Data items:
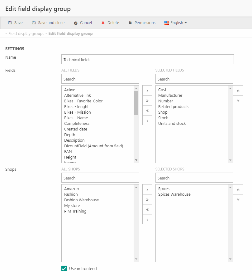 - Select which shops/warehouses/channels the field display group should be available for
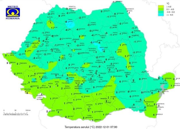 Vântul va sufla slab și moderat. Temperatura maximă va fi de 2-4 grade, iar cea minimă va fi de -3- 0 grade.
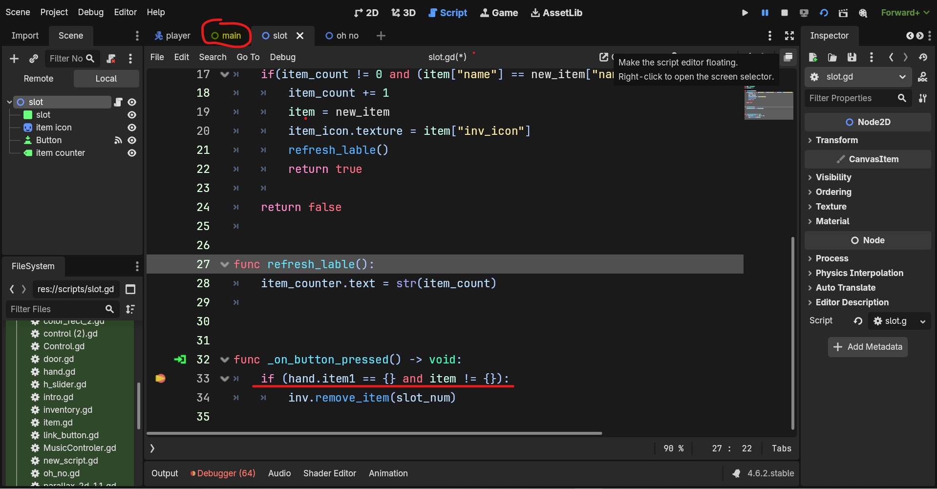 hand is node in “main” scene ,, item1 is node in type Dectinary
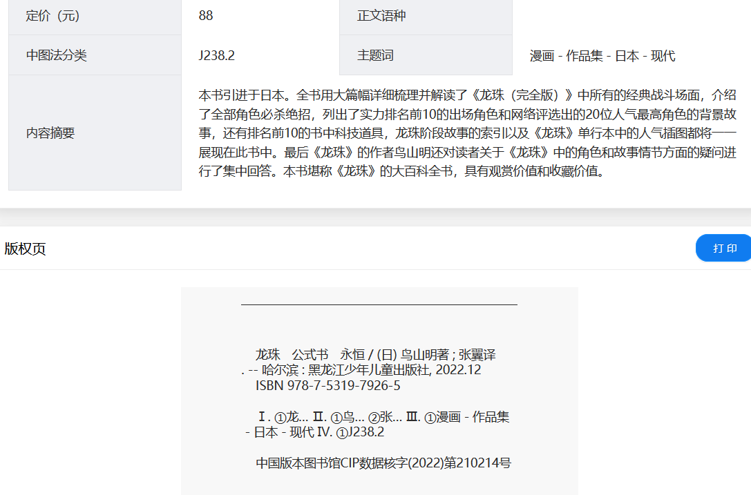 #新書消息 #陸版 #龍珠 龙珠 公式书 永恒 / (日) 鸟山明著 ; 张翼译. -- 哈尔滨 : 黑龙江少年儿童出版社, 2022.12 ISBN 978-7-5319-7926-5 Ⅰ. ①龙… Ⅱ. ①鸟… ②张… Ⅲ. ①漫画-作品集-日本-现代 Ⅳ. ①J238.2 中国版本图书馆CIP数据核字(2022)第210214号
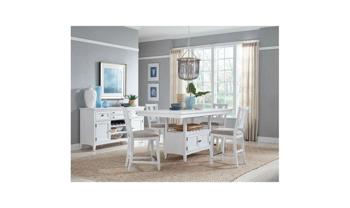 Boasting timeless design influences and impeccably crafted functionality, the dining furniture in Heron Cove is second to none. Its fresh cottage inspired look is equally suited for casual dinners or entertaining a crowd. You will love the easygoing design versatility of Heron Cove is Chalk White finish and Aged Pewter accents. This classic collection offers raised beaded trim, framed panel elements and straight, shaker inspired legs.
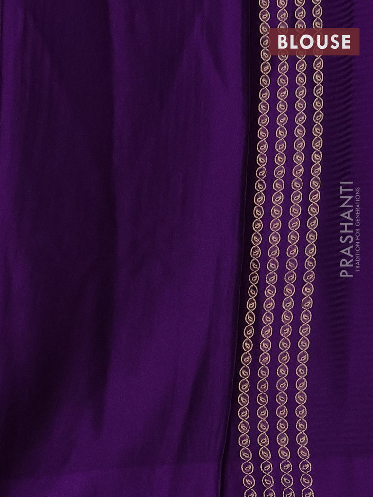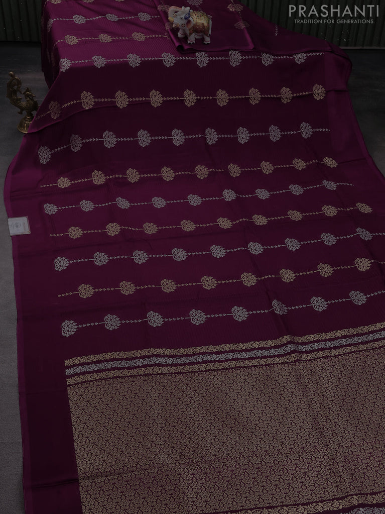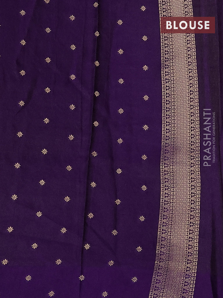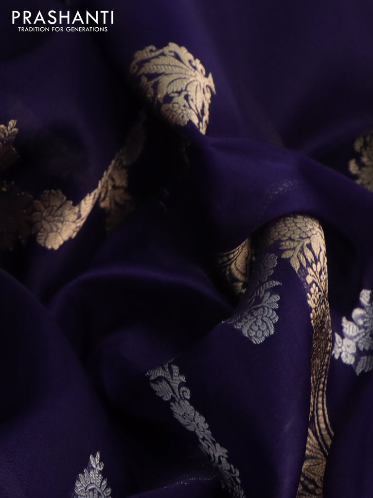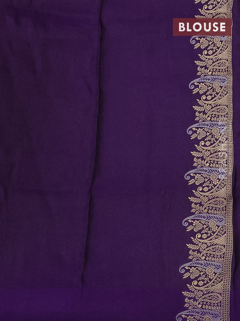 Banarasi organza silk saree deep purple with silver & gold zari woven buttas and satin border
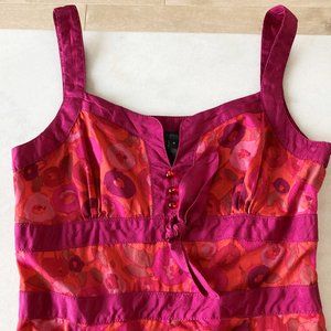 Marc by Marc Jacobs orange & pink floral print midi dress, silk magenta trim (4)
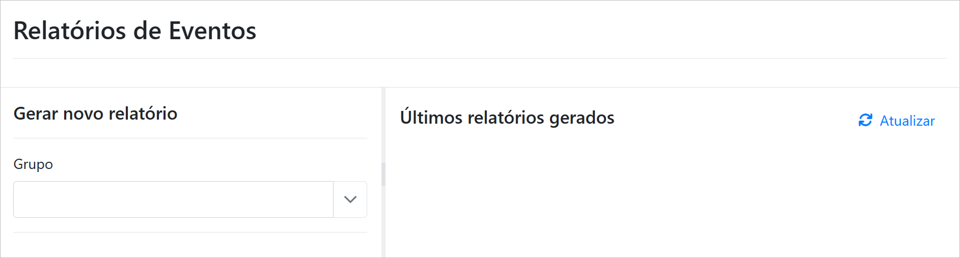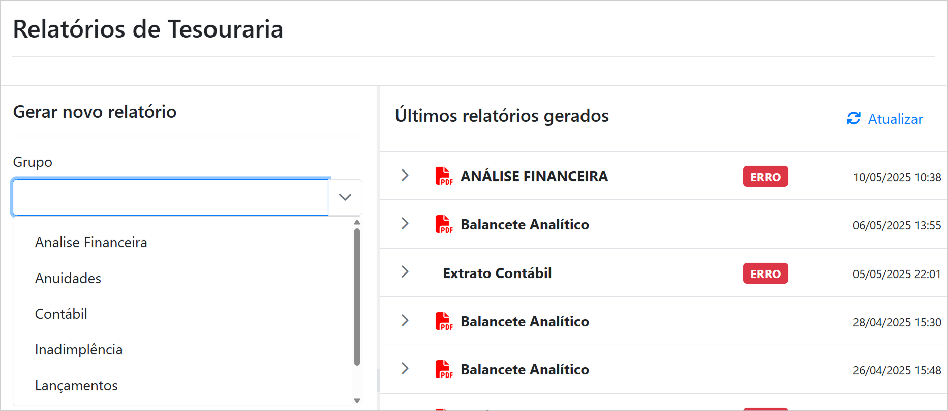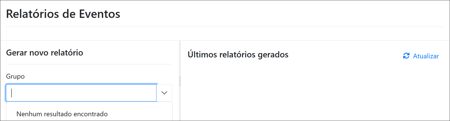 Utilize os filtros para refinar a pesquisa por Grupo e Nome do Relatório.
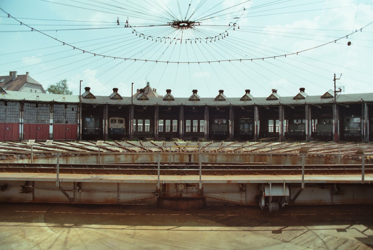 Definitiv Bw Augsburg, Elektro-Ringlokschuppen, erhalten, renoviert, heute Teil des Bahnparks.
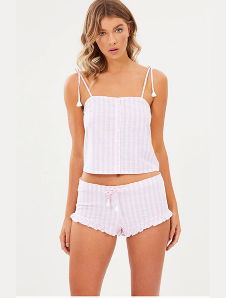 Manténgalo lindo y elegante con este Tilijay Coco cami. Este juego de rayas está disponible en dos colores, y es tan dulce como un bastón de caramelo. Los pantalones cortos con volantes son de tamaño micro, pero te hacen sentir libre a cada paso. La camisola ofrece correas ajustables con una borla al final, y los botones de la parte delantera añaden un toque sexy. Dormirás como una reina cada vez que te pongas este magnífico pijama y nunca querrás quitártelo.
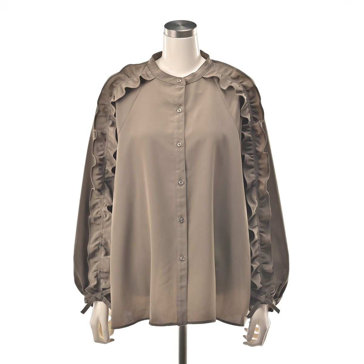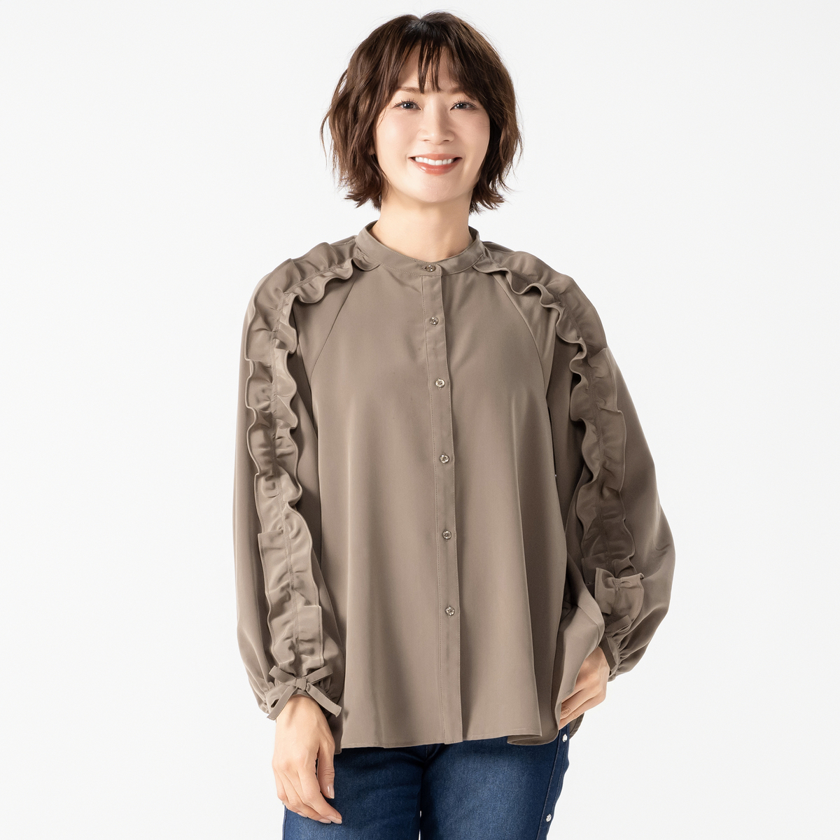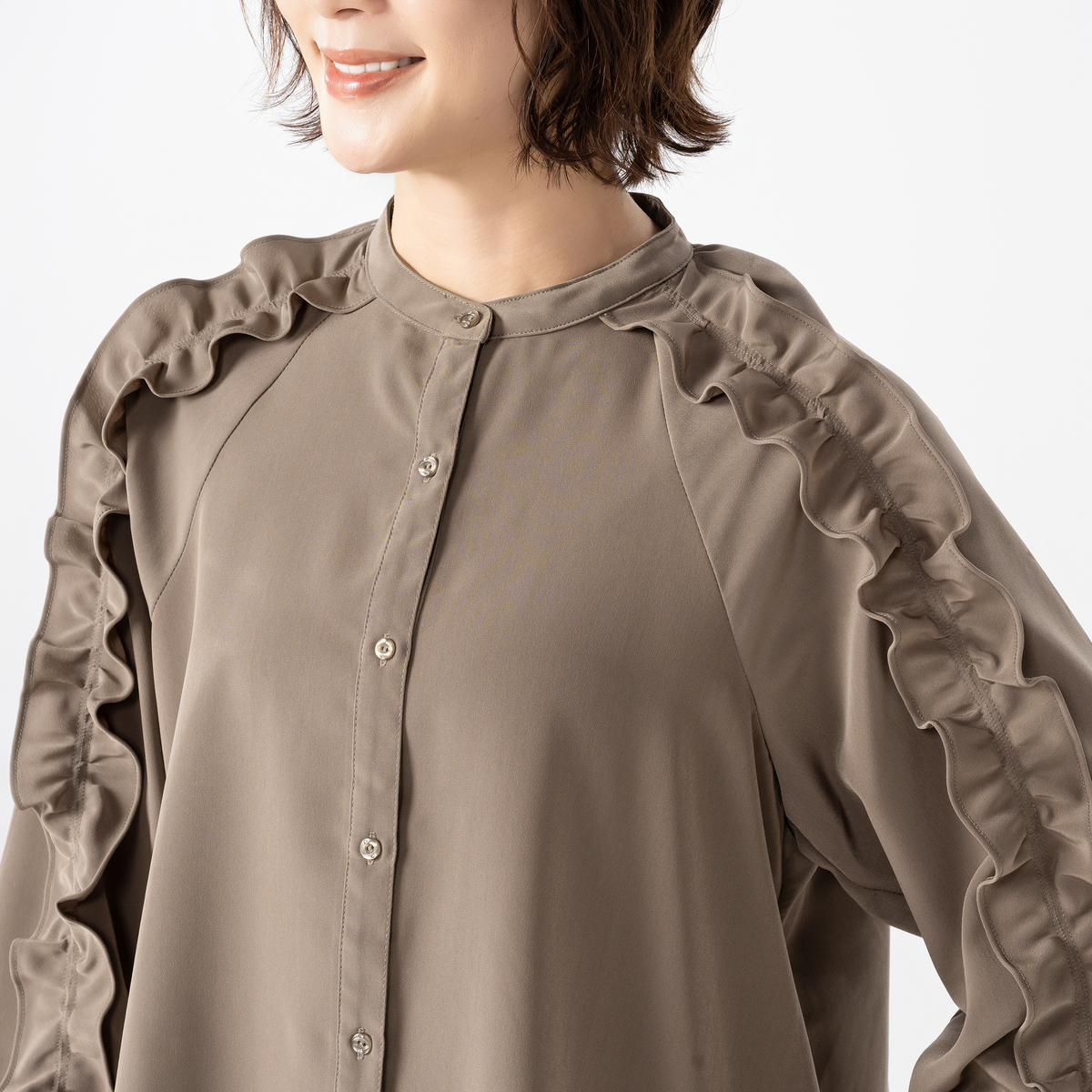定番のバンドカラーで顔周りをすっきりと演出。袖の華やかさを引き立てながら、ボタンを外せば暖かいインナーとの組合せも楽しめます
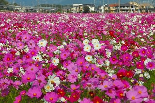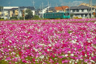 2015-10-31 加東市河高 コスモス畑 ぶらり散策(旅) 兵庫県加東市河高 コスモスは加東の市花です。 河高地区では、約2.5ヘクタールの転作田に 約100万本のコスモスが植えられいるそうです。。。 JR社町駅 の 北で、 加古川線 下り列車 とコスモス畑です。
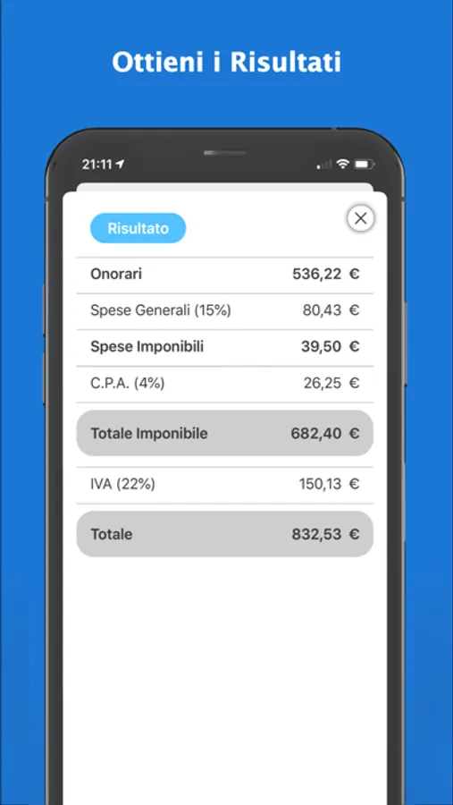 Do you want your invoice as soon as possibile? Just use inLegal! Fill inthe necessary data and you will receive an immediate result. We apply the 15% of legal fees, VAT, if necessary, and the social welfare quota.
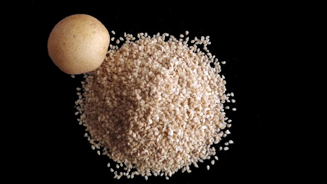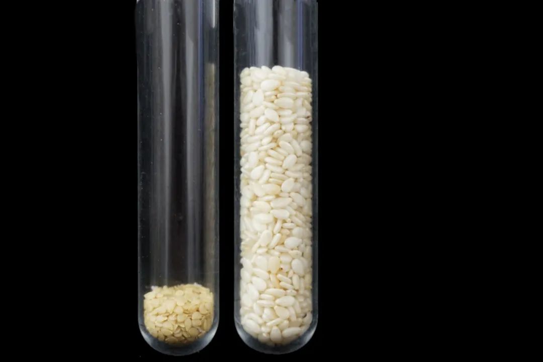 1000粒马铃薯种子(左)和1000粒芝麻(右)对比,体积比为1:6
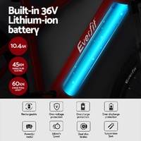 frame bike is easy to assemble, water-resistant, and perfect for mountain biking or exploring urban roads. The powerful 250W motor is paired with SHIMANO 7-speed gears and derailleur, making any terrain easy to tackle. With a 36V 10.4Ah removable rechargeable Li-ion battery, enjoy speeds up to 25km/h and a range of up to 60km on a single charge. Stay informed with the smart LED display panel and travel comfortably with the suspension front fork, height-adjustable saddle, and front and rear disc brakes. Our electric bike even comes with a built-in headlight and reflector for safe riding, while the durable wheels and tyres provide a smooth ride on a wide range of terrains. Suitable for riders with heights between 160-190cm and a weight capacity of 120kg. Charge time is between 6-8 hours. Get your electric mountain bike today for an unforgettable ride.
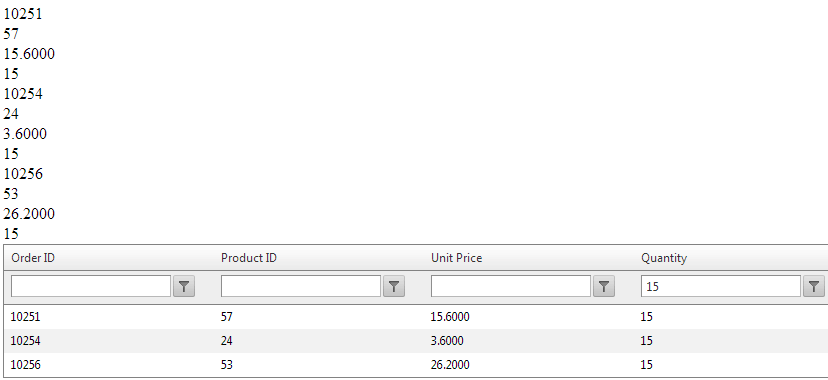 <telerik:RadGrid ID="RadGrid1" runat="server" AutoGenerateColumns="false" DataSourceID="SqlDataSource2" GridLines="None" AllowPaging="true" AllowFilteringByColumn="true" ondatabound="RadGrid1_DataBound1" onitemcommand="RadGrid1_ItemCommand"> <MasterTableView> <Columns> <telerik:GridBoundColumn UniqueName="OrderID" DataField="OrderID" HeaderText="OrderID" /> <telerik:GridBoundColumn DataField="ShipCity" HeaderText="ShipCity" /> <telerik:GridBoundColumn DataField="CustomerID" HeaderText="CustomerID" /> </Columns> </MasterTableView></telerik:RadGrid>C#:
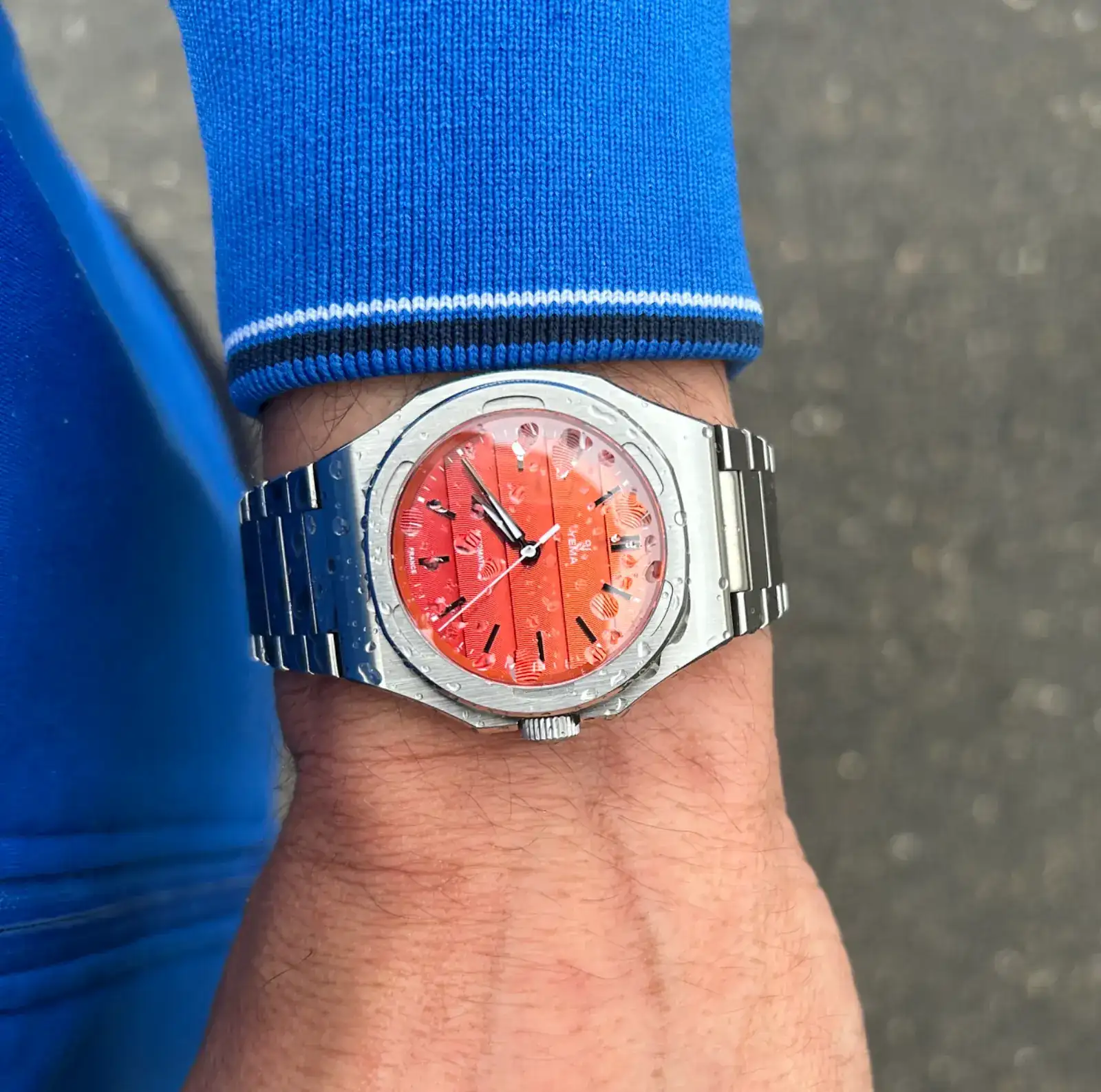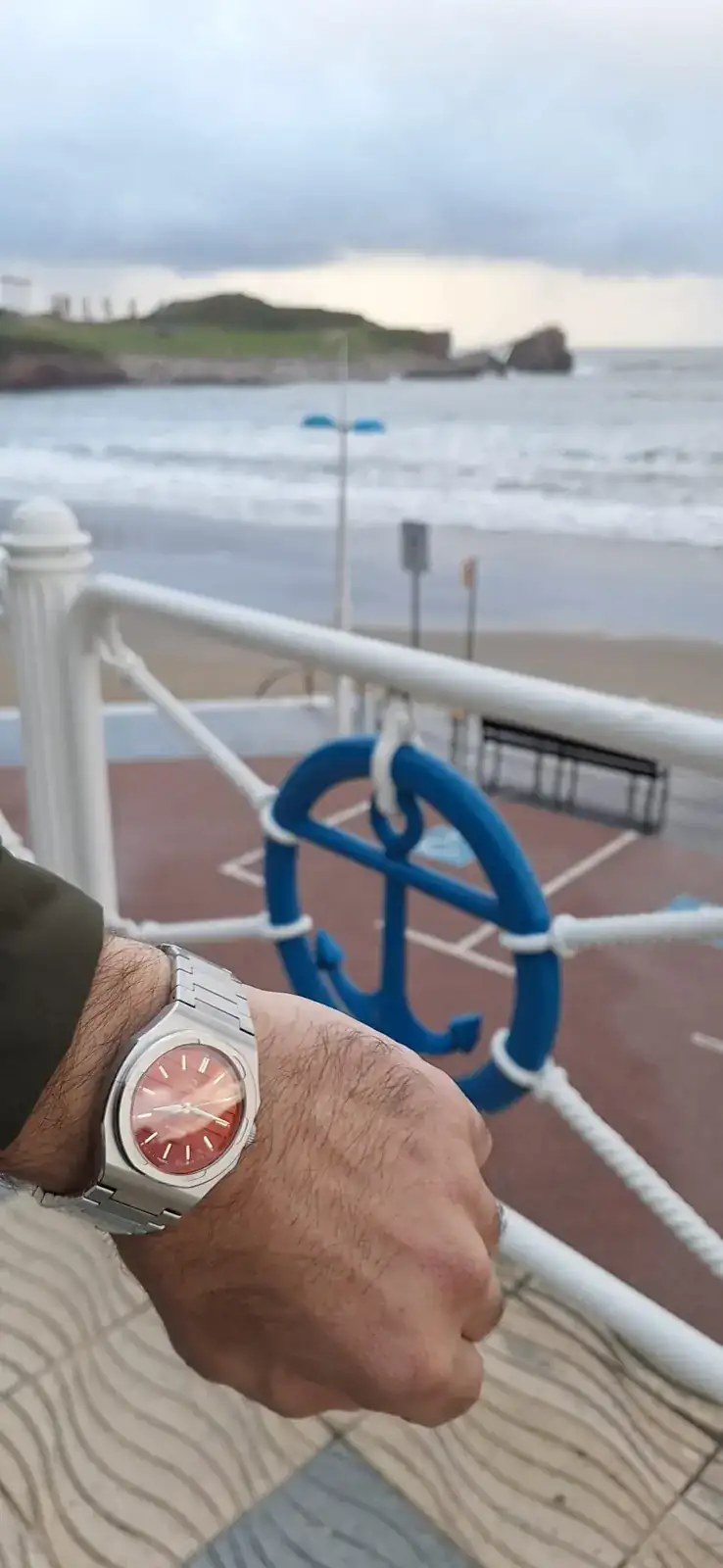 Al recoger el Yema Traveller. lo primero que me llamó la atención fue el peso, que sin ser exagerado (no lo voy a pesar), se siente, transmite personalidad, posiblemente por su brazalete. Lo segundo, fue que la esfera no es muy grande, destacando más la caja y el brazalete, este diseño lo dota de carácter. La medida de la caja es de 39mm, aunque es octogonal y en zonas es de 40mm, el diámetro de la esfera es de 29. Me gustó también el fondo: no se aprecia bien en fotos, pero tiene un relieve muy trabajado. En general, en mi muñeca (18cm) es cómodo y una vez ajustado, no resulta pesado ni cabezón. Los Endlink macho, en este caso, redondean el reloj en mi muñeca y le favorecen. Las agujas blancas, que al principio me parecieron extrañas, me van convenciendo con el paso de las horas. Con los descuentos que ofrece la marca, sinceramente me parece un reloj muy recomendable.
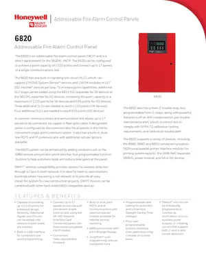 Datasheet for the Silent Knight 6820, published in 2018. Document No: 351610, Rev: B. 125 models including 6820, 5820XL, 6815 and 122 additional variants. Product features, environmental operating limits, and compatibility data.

Problem:
Print the data above verbatim from the first line through the line holding "hand is node", leaving every picture out.

Task result:
 - Select which shops/warehouses/channels the field display group should be available for
 Vântul va sufla slab și moderat. Temperatura maximă va fi de 2-4 grade, iar cea minimă va fi de -3- 0 grade.
 hand is node in “main” scene ,, item1 is node in type Dectinary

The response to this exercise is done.